» **RECORD EXCERPTS**:
####

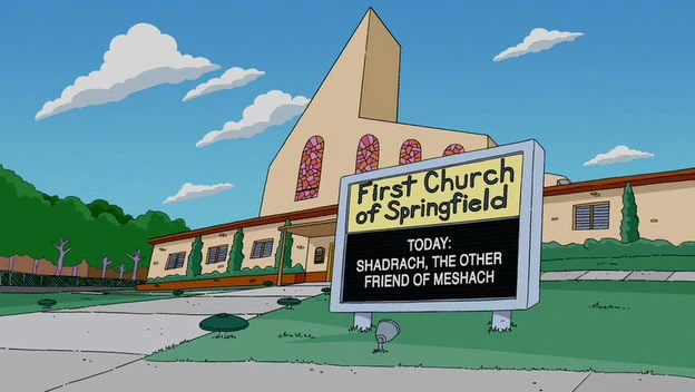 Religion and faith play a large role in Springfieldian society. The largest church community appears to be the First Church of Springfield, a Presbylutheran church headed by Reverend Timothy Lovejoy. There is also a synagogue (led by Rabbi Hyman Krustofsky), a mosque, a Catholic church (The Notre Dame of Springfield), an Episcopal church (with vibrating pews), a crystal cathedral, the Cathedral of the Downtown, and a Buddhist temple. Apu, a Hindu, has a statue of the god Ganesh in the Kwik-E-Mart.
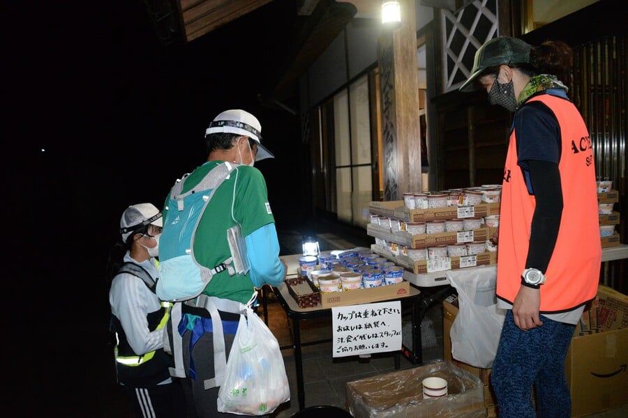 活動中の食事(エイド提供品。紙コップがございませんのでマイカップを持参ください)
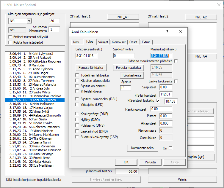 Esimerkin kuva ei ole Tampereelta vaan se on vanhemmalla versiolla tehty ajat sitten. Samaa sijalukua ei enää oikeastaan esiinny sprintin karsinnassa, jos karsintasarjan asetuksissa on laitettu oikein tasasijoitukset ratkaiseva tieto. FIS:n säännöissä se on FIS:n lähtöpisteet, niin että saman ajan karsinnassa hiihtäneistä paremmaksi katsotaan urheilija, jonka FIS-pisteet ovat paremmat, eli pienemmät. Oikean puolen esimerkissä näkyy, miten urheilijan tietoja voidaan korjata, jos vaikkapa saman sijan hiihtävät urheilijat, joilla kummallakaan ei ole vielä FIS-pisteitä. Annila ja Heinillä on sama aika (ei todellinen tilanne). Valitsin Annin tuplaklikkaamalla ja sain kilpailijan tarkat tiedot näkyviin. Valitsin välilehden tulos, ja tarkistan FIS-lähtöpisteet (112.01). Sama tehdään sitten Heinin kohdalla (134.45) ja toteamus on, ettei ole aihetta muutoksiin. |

####

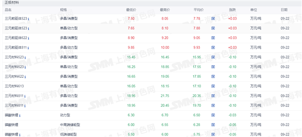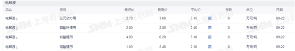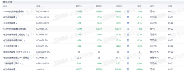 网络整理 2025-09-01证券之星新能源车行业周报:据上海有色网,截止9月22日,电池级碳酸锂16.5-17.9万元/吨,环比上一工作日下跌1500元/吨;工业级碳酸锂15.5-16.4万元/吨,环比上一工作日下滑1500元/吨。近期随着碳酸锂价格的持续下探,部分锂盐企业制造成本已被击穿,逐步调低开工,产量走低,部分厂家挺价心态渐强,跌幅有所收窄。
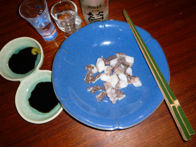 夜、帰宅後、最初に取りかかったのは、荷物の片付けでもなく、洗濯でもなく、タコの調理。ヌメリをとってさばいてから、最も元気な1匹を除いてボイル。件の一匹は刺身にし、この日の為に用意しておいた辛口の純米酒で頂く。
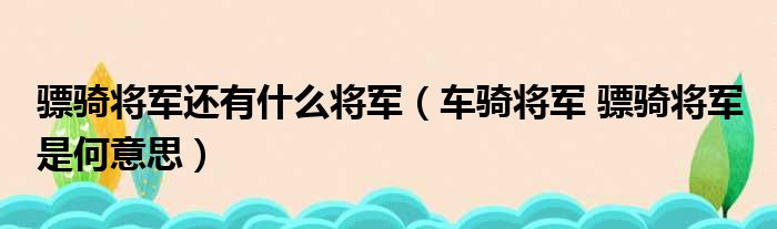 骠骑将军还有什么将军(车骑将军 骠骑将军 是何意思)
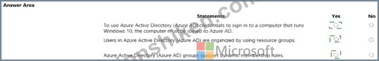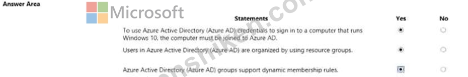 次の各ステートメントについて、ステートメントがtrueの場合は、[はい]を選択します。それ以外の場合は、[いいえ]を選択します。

####

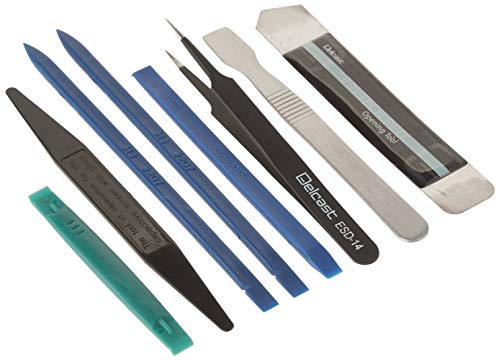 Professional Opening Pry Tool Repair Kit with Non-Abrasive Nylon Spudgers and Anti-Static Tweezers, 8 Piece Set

####

» **WHAT IS NEEDED**: Look above for the line with "骠骑将军还有什么将军(车骑将军 骠骑将军 是何意思)" and the line with "次の各ステートメントについて". Give again exactly those two lines and all lines between them, pictures excluded.

» **ANSWER BOX**:
 骠骑将军还有什么将军(车骑将军 骠骑将军 是何意思)
 次の各ステートメントについて、ステートメントがtrueの場合は、[はい]を選択します。それ以外の場合は、[いいえ]を選択します。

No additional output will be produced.